Studies in Family Planning is calling for abstract submissions for a special issue on “Rethinking Contraceptive Futures,” by June 30, 2026. This call for abstracts invites contributions that broaden and challenge traditional understandings of contraceptive use, access, and meaning. Contributions may engage explicitly with family planning debates but should foreground contraceptive practices and their evolving meanings within broader social and demographic paradigms. We seek papers that illuminate contraceptive practices as culturally, politically, and  technologically embedded, and that situate contraception within the wider conversations that shape people’s lives. We welcome empirical (quantitative, qualitative, or mixed-methods), theoretical, methodological, and policy-oriented contributions from low- and middle-income (LMIC) and high-income (HIC) settings. Comparative and cross-context analyses are especially encouraged.

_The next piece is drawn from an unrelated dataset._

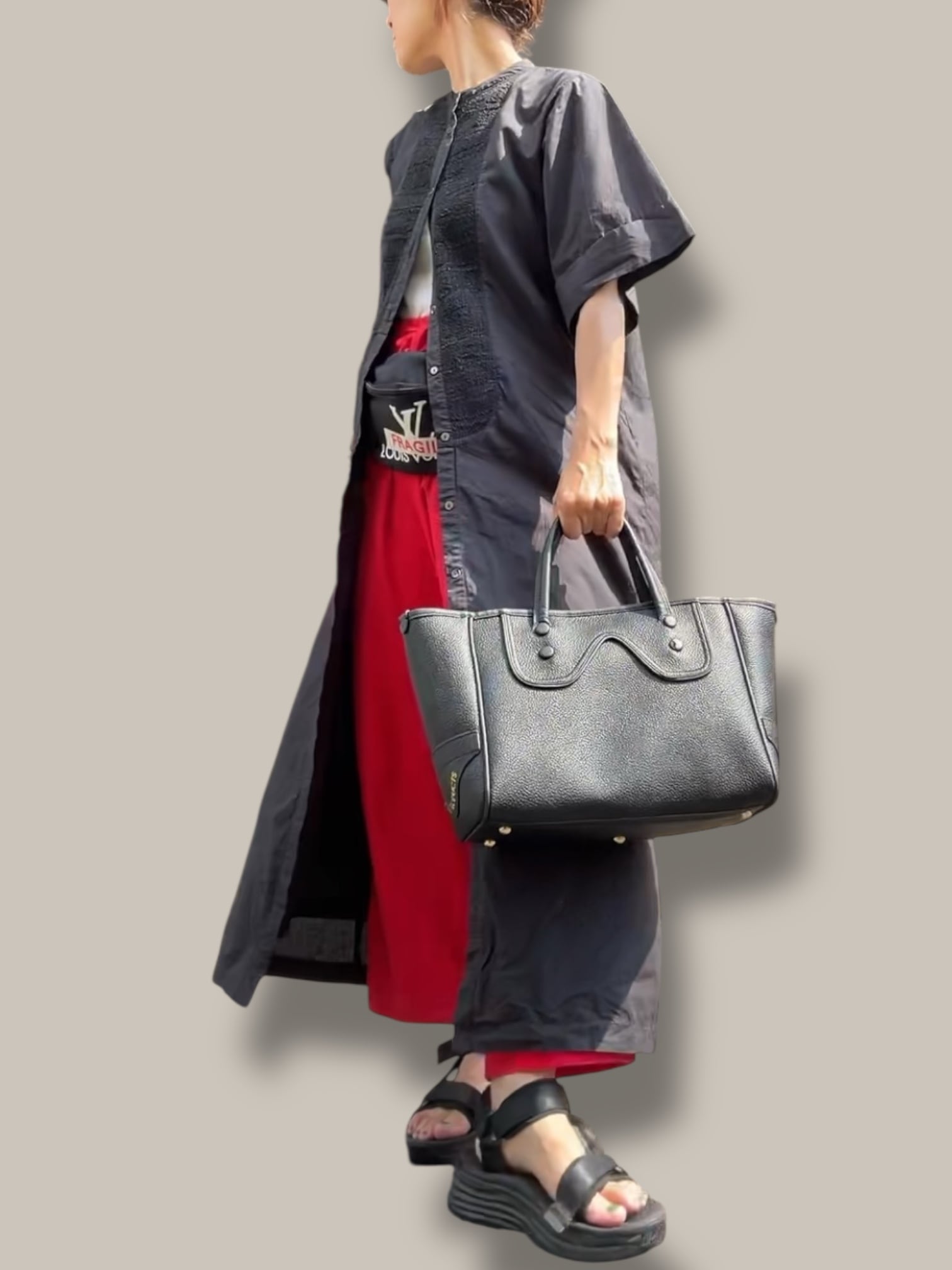 500mlペットボトルもすっぽり入るサイズ感で、普段使いにはもちろん、通勤バッグとしてもおすすめのバッグ。

Abstracts should be at least 1 page in the main body, excluding references, figures, and tables. Abstracts should specify whether the authors envision submitting a commentary, theoretical perspective, report, or original research artic Please send abstracts by June 30, 2026 to rfriedman[@]popcouncil.org.

Authors will be notified by July 15 whether a full paper is invited for submission. The deadline for full papers is January 15, 2027. All submissions will be reviewed through the Studies’ double-anonymized peer review process. Articles are posted on Early View as they are accepted and processed. Special issue publication is planned for December 2027.